The Workflow: For each student, simply paste your shorthand notes. This keeps the feedback customised to the student’s actual work while saving you the “blank page” fatigue of drafting 100+ individual paragraphs of feedback.
Reflection: Ethics and the “human-in-the-loop”
When using a “Feedback Persona”, data privacy is paramount. Never input a student’s full name, ID number, or sensitive personal details into a public LLM. As mentioned earlier, some institutions may provide you with a more secure, local version of an LLM for safer use. Please read your institution’s policy on GenAI and LLM usage before attempting this.
It is also important to consider what staff-generated materials are shared with commercial LLMs. Uploading assignment briefs, marking schemes, or model solutions to public systems may result in this content being incorporated into future model training data, depending on the provider’s policies. This creates a risk that students could later access high-quality or even complete solutions via the same tools. Where possible, opt out of data sharing (sometimes referred to as incognito or private mode), use institutionally approved systems, or avoid uploading full solutions altogether.

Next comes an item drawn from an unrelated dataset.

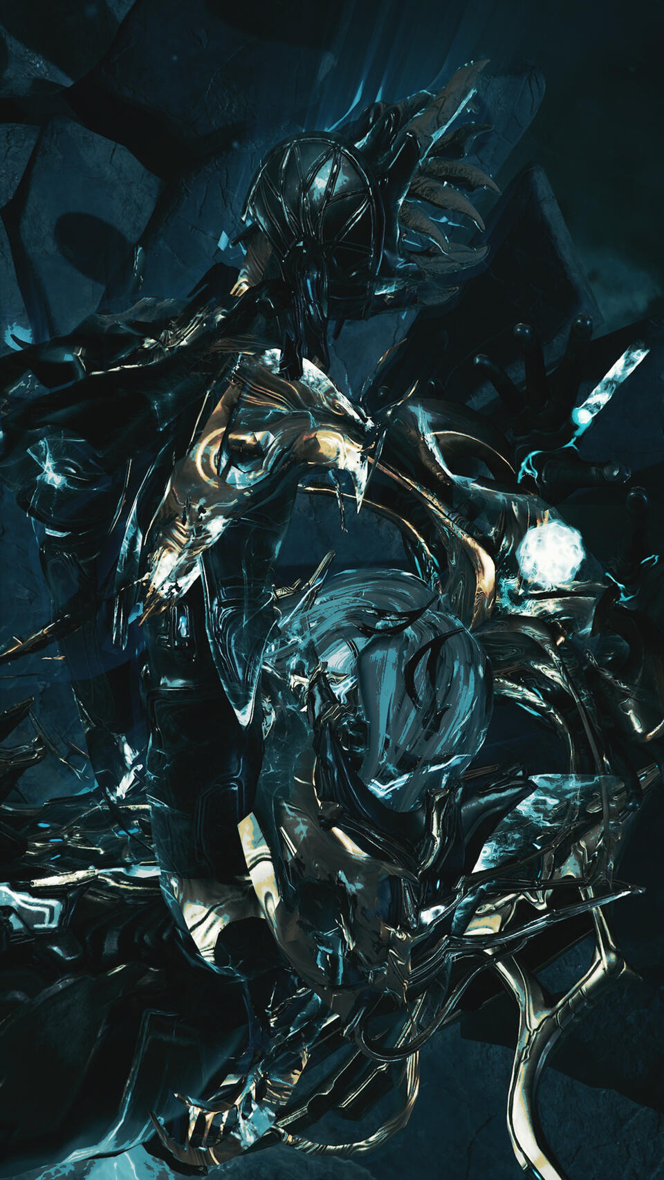 Eidola was never a name. Whenever it left the lips of her kin or those whom come to refer to her as it, one would only hear their breath and the void itself weaving a name only it knew. No one has noticed it yet. Where the void had sown, had left a ghost print they believe they've pressed upon. So that nameless name passes as they believe it does. But now it goes to show there are things better left alone. Especially the topic of names and that ghost title. The Orokin themselves almost named them in number-code. ππͺπ₯π°ππ’ was earned through violence. So even when it is said, she still turns her head. She knows *she's called upon without needing to be sounded. Intentions are a powerful thing. Especially when the Void's sensitivity is hyper reactive, bubbling with chaos if given the chance. How could she not feel it? It was a brushing of the skin she could feel so profound, it gave her directive.And this is who she is.She stands at the edge of things.Not the edge of maps or territories or known space. The edge of category. The place where definitions blur and certainties dissolve and the things you thought you knew about existence become suggestions rather than laws. There is an inky darkness spilling forth from KHRA and KALOHK. It pools around her as she makes use of it, obscuring herself in depths ever calling, stretching thin into the light through the unlight. This is a Tenno whom has seen the apathetic third way of being, and not like the chaos the man in the wall embraces as a void construct himself. This is a Tenno who has embraced the darker side of the moon never needing borrowed light to reflect her existence in relevance. Six feet, nine inches of void-steel and porcelain, cold and firm. Five hundred pounds of accumulated verdict, evenly placed throughout her flesh vessel, with a spine that breathes with the rhythm of archived eternities lost to the bargain. Eidola, Apostasia, is adorned by a crown of seven points extending from her cervical vertebrae, reaching toward those same horizons that do not exist. Her black hands of obsidian majesty, cold and open, have never closed around anything they were not willing to release.She will not be found in the places where power gathers. She will not be among her divine collective. She will sit upon no throne, nor upon her Orokin claimed inheritance that isn't her dwarf β orbiting at the edge of a system that has very much forgotten she exists, or refuses to look her way, as she's left tracing the same elliptical path century after century, and this is no exile. This was her steadfast positioning. This is where her banners rose. And this is where they'll stay.It's tactical. From Pluto, she can see everything. From here, she can reach anything. From here, she can deliver her verdicts when verdict becomes necessary. It is solemn. The light here is old and ever aging. It has traveled and it still travels so far and so long that it forgets where it even came from, forgotten what it was supposed to illuminate, forgotten everything except the habit of moving forward. And it falls upon her without warmth, without purpose, without the faintest interest in what it reveals, even on her graceful void given iridescent hue. Standing over the weeping unlight, you'll see something about the way she stands. Grounded. Like she's been there forever and will be there forever and your presence is a temporary thing she's politely tolerating. Not because she's unfriendly. She's one to if spoken to. She'll answer questions if asked them. She'll stand there, her and her five hundred pounds of accumulated something, and let you be in her presence for as long as it need be.Eidola. Apostasia. She's curious.

Treat the AI-generated text as a “first draft” — always review it to ensure it accurately reflects your marking notes before sending it to the student. Transparency is also key; informing students that you use GenAI to help synthesise your handwritten notes into formal feedback builds trust and models professional GenAI usage. In our experience, students have been okay with this, and when they have challenged it, we have provided them with the raw feedback notes to show that marking has been done manually.
Conclusion
That’s it; using those tips, you can adapt your assessment process to integrate this new tool into your practice, regardless of assessment type or field. We expect to see this field change and evolve. Many of the tips and prompts we have suggested can also be used to design simple GenAI agents — small, task‑focused systems built on top of an LLM. In tools like Copilot these agents can be created in an accessible, streamlined form that effectively “pre‑trains” the model to understand the structure, style, and type of output you want, without you having to repeat detailed instructions each time. Once you feel comfortable with the basics of using GenAI, exploring these lightweight agents can be a powerful way to simplify your workflow.